I’ve played some of it now. It’s good.

The beginning of the game is a little clichéd, in that you start in the midst of an action-packed sequence, climbing up a mountain during a blizzard and storm, and then the game resets to a few weeks earlier to explain how you got into that situation. This start acts as an introduction to the movement controls, with ice picks making a welcome return from the first game (where they were introduced half way through to allow new areas to open up). It’s nice enough, but the setting doesn’t really show off the game’s main draws. Those don’t come until a little later, when you realise that – although there is a resemblance to the Uncharted games in terms of story progression, platform puzzles, and general story – this game is a lot less linear and allows for greater exploration.

For a while you are pushed through a linear path, exposing the story of Trinity and the prophet they were chasing. Lara’s dad had tracked this down to Syria, but when you get to the tomb it’s empty. Of course, bad guys arrive at the same time and blow everything up. While fleeing, you find a clue which leads you to Siberia – and back to the opening sequence.

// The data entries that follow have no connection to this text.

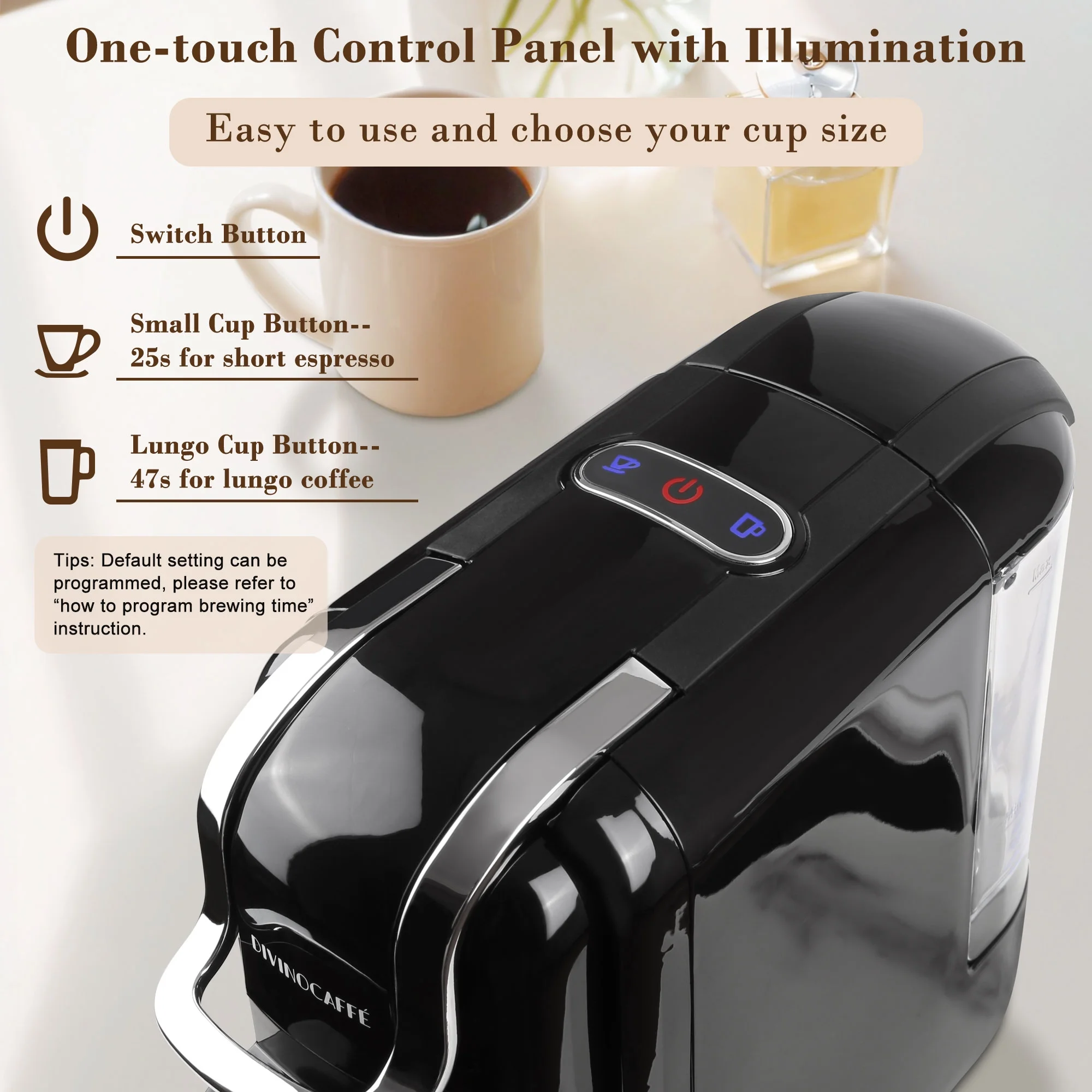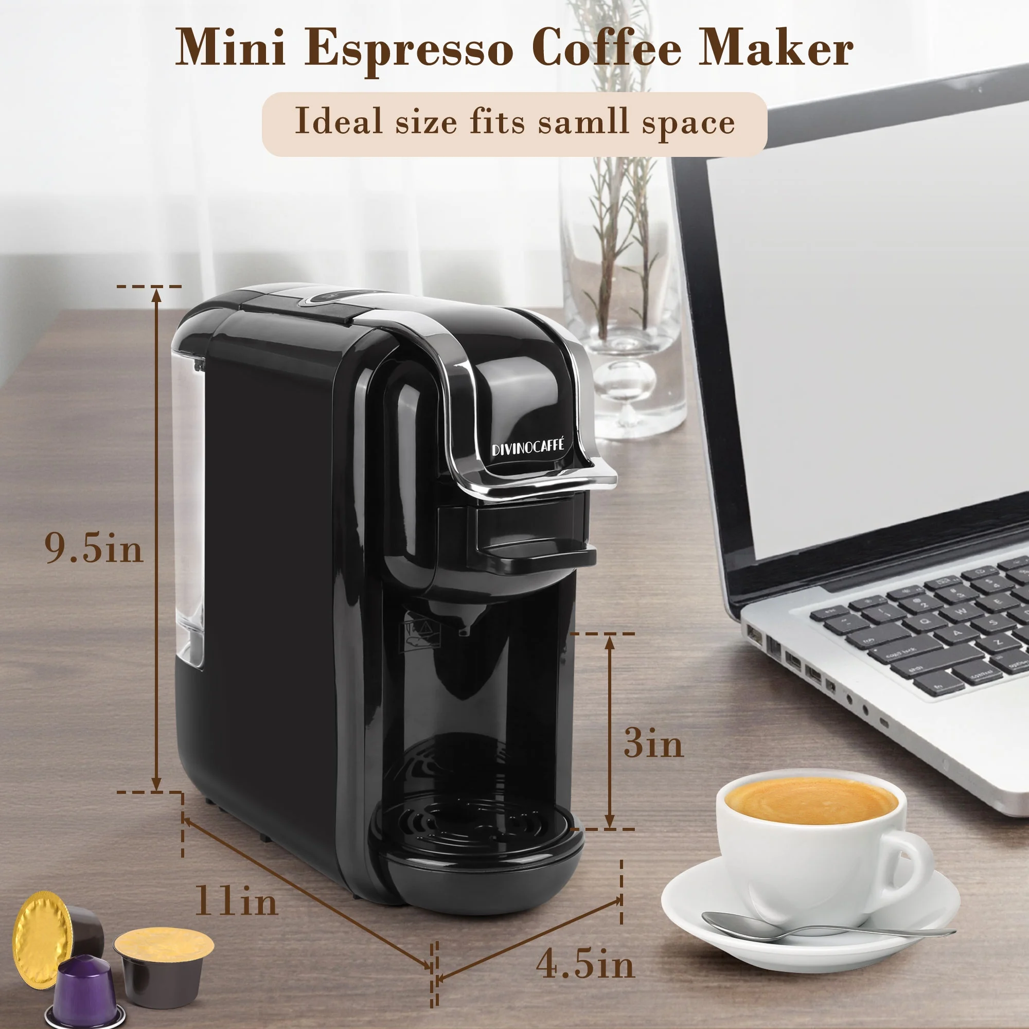 - Make a Cup of Authentic Espresso Coffee: The Divinocaff�� coffee machine allows you to make all your favourite espressos. You can enjoy a barista-brewed latte, cappuccino or macchiato at home. This compact espresso machine is perfect for any size kitchen. Not only is it perfect for home or office use, it is also ideal souvenirs for wedding, birthday, Christmas.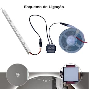 Botão touch 12v, 3a, 36w, dimmer, de espelho Dimmer 12v, 3a, 36w, botão touch, para espelho, sensor de toque liga/desliga para fita de led com uma cor de luz, adequado para uso em espelhos de vidros de banheiros em ambientes residenciais e comerciais. Especificações: - tipo de sensor: sensor de toque liga/desliga - botão para fita de 1 uma cor de luz - tipo de item: para espelho de vidro - material: componentes eletrônicos - tamanho do botão touch: largura: 40mm x altura: 33mm x espessura: 7mm - cor do produto: preto - tensão: 12v 3a - potência: 36w - faixa de detecção: 3mm - entrada para fita: possui 1 uma entrada para fita de led Instruções e recomendações de uso: - para melhor segurança no projeto procure um especialista no assunto para que planeje de forma correta a instalação. - para controlar a intensidade da luz é somente pressionar o botão até o brilho aumentar ou diminuir. - quando o botão touch estiver ligado terá uma luz de cor azul de fundo, quando o botão for desligado terá uma luz de cor branca de fundo. Tipos de conectores do botão touch: - o conector para entrada da fonte é plug p4 fêmea - o conector para entrada da fita de led é plug p4 macho - atenção: a fita não deverá ser ligada diretamente na energia elétrica 110/220v sem uma fonte de 12v 3a para não danificar o produto - não acompanha fita de led Itens inclusos : - 1 para espelho, sensor de toque 12v 3a 36w Marca: Não Informado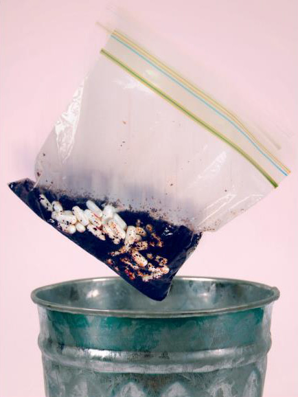 - Mix medicines (liquid or pills; do not crush tablets or capsules) with an unappealing substance such as dirt, cat litter, or used coffee grounds.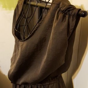 Only worn once! Olve green, tie waist, high/low hem line, gathering on the sholders, sleeveless (only worn once) Bust measures flat approximately 22", waist untied approx.17" but has elastic which can be stretched to appox 20"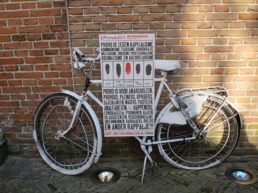 ท่ามกลางบรรยากาศการประท้วงอย่างเสรีต่อต้านการเติบโตของลัทธิทุนนิยม ขบวนการ Provo มีบทบาทโดดเด่นในการต่อต้านจำนวนรถยนต์ที่มากขึ้นในอัมสเตอร์ดัม และได้เสนอแนวคิด “โครงการจักรยานสีขาว” (Witte Fiets Plan ในภาษาดัตช์) โดยบริจาคจักรยานทาสีขาวจำนวนหนึ่งให้เป็นจักรยานมวลชนนำไปจอดตามจุดต่างๆ เพื่อให้คนใช้ฟรีและเมื่อใช้เสร็จแล้วให้จอดไว้โดยที่ไม่ต้องล็อกเพื่อให้คนอื่นนำไปใช่ต่อได้ แต่รัฐบาลกลับไม่เห็นด้วยและได้ยึดจักรยานตามโครงการดังกล่าวนี้ไป เพราะเห็นว่าเป็นการยั่วยุให้เกิดการขโมยจักรยาน ซึ่งเป็นอาชญากรรมประเภทหนึ่งที่เจ้าหน้าที่ตำรวจต้องการปราบปราม การรณรงค์และการประท้วงดักล่าวกลายเป็นการเผชิญหน้าของขบวนการ Provo และผู้ชุมนุมที่ให้การสนับสนุนอยู่หลายที่และหลายครั้ง โดยเฉพาะอย่างยิ่งบริเวณหน้ารูปปั้นเด็กผู้ชายยืนเท้าสะเอว Lieverdje หรือ “Little dear” สัญลักษณ์ของเยาวชน ที่บริเวณจตุรัสสเปา (Spui Square) หนึ่งในข้อเสนอของขบวนการ Provo คือให้เทศบาลเมืองอัมสเตอร์ดัมพิจารณาปิดถนนบริเวณใจกลางเมืองไม่ให้รถยนต์เข้าออก และขอให้ทางเทศบาลซื้อจักรยานสีขาวตามโครงการ 20,000 คันให้ขี่ในเขตเมือง แต่สุดท้ายข้อเสนอก็ไม่สามารถบรรลุข้อตกลงระหว่างรัฐบาลและผู้นำขบวนการได้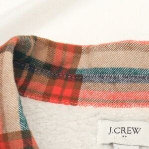 J.Crew Women Shacket Plaid Sherpa lining Cream Red Evergreen Flannel Sz S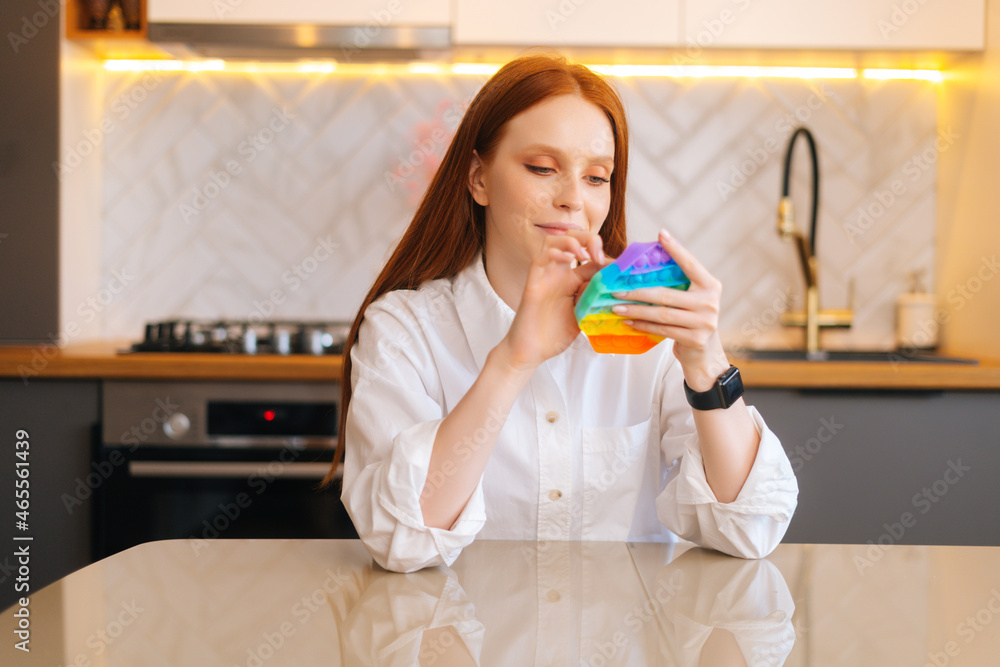 Front view of attractive redhead young woman playing with rainbow pop-it fidget toy sitting at table in modern kitchen room. Happy smiling female with trendy stress and anxiety relief fidgeting game.

After climbing the icy peak, leaving companions behind, you see hidden settlements in the distance but the weather is worsening, leaving you to find shelter and explore. It is here that the open world really shows itself; you must find supplies, set up a campfire, craft a bow and arrows, and hunt for food. I explored the entire area provided, finding a few soldiers who had been left to protect the area, and quickly dispatched them and the deer that they were sitting among. Got to get some meat.

I remember a complaint about the first game (that is, the first game of the modern set) was the number of people that Lara killed, which was quite at odds to the stories of the original Tomb Raider games. This seems to be a little more restrained so far, although that may be because I have only just reached significant numbers of people Up until now, the main violence has been against animals, and in particular, a bear who was guarding the exit to the area in which I’d been hunting and exploring.

Let’s just say I’m not yet fully used to the controls.

After escaping the bear once, I found some poisonous mushrooms, made up an incapacitating concoction to add to my arrows, and then went back to dispatch him. It still took a couple of attempts. I hope my general competence with the controls improves soon.